Honghua Mathematics released its three-quarter report: Q3 achieved revenue of 0.449 billion yuan (yoy +39.13%, qoq +0.33%) and net profit of 0.11 billion yuan (yoy +19.92%, qoq -3.35%). Q1-Q3 2024 achieved revenue of 1.265 billion yuan (yoy +43.36%), net profit to mother of 0.31 billion yuan (yoy +29.51%), after deducting non-net profit of 0.298 billion yuan (yoy +29.01%). The penetration rate of digital printing products increased rapidly during the year, and there is still a lot of room for improvement in the digital direct injection penetration rate in the future. They are optimistic about the company's leading position in the digital printing field and maintain an “increase” rating.

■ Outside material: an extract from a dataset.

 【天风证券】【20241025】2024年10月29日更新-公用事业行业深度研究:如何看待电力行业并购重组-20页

Revenue continues to grow rapidly, and the penetration rate of digital printing continues to increase
The 24Q3 company's revenue continues to grow rapidly. We estimate that Q3 ink revenue will grow at a rate of about 20%, and equipment will grow faster than ink. Competition in the domestic printing industry continued to intensify during the year, and the trend against small orders continued to be interpreted, leading to a rapid increase in the penetration rate of digital printing products. The company focuses on its main business and deepens the “equipment+consumables” business model. On the one hand, it continues to consolidate the advantages of digital printing equipment in the textile field, and on the other hand, it actively expands equipment space for various industrial applications such as book printing, building material finishes, and corrugated paper printing.

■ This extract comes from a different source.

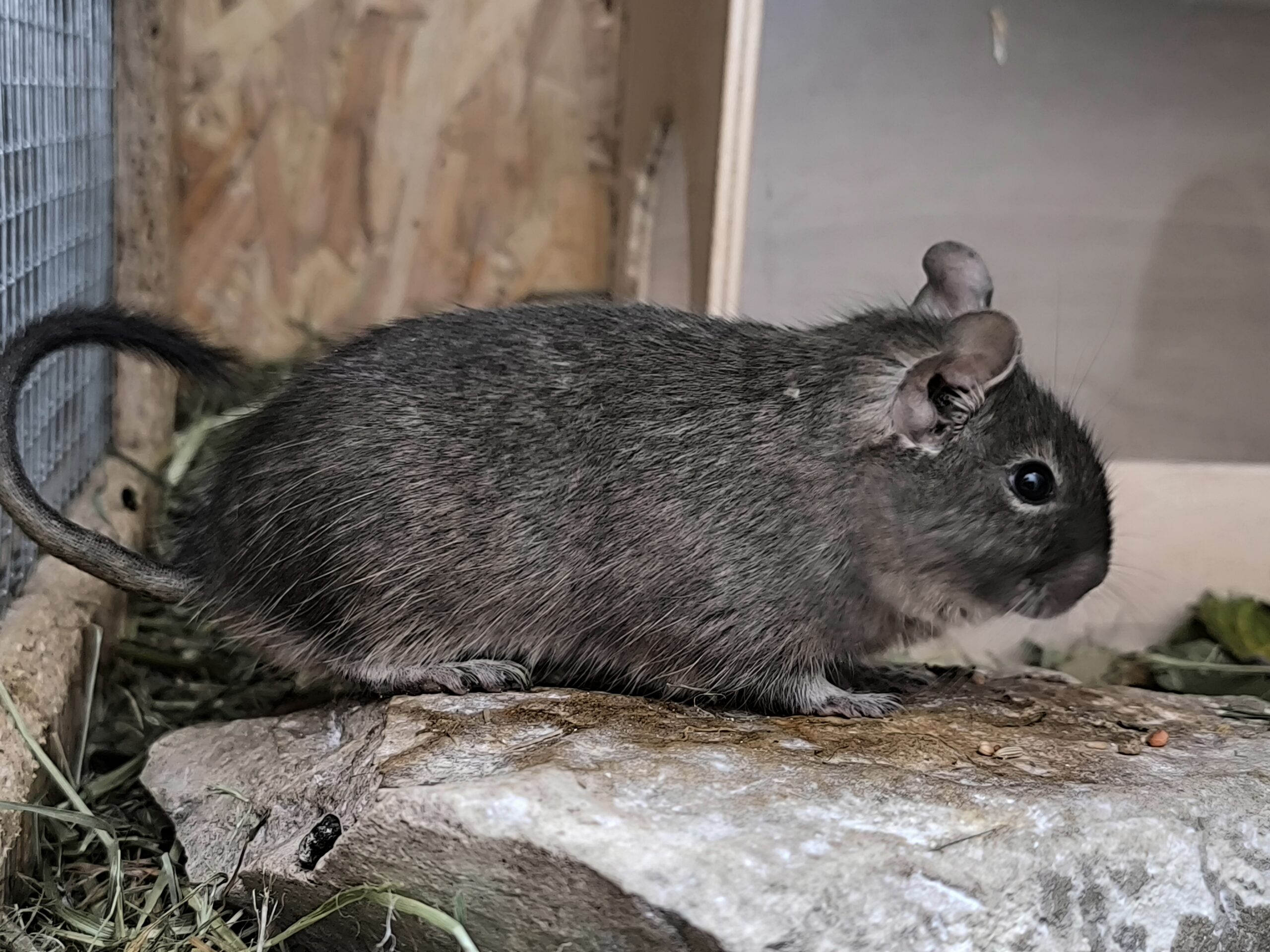 Er wurde am 26.06.2024 geboren, er ist gesundheitlich fit, neugierig und insgesamt in sehr gutem Zustand. Für einen Degu ist er ziemlich groß und kräftig gebaut. Charakterlich ist er eher etwas schreckhafter und beobachtend, aber ein lieber Kerl – in der Gruppe hat er sich umsichtig gezeigt und auch Fellpflege betrieben, aber die Chef-Rolle hat nicht zu ihm gepasst in der Gruppe.

Gross margin was basically stable. Net profit margin declined due to increased exchange losses and management expenses. In Q3, the company achieved a gross profit margin of 47.57% and a net profit margin of 25.29%, compared to -1.2 and -4.2pct, respectively. The decline in gross margin was mainly due to faster equipment growth, which led to a decline in the share of the high-margin ink business. At the same time, the gross margin of the ink business declined slightly due to price cuts at the beginning of the year. The 24Q3 sales/management/R&D/finance expense ratio was -1.66/+1.14/-0.62/+2.68pct, respectively. The increase in management expenses was estimated to be an increase in personnel compensation brought about by mergers and acquisitions. The financial expense ratio increased mainly due to an increase in exchange losses. The median price of RMB 24Q3 against the US dollar increased by about 1.4%. The interim report revealed that the company had an equivalent dollar equivalent to RMB 0.29 billion, or about 4 million yuan in exchange losses, affecting the net interest rate of about 3 pcts.

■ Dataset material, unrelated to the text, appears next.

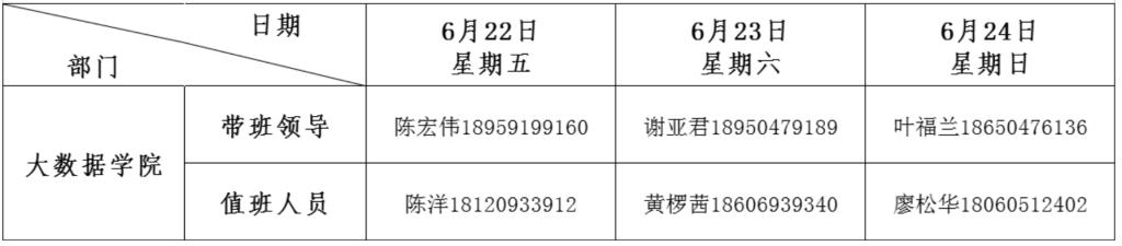 大数据学院2023年端午节值班安排表 备注:1.所有值班人员应恪尽职守,保持警惕,不得擅自离岗。若遇突发情况须按我校既定相关预案处置并第一时间向带班领导报告。2.值班人员必须保持24小时通信畅通,必须加强巡校和重点部位巡查,及时排查各种隐患。3.24小时值班电话18120891112。4.学工系统值班表另附。5.带班领导带班期间不离榕,保持手机24小时畅通。 大数据学院办公室 2023年6月21日

Profit forecasting and valuation
Maintaining the previous profit forecast, we forecast net profit due to mother for 2024-2026 to be 0.429 billion yuan, 0.523 billion yuan, and 0.604 billion yuan, corresponding to 30, 24, and 21 times PE. Comparatively, the company's 25-year Wind unanimously expected an average PE value of 24 times. Considering the rapid increase in the digital printing penetration rate during the year, the related business had good long-term growth potential. The company was given 28 times PE in 24 years, with a target price of 81.5 yuan (previous value of 62.1 yuan), maintaining a “gain” rating.
Risk warning: 1) The increase in digital printing penetration falls short of expectations; 2) nozzle supply relies on imports; 3) the acquisition company's integration progress falls short of expectations.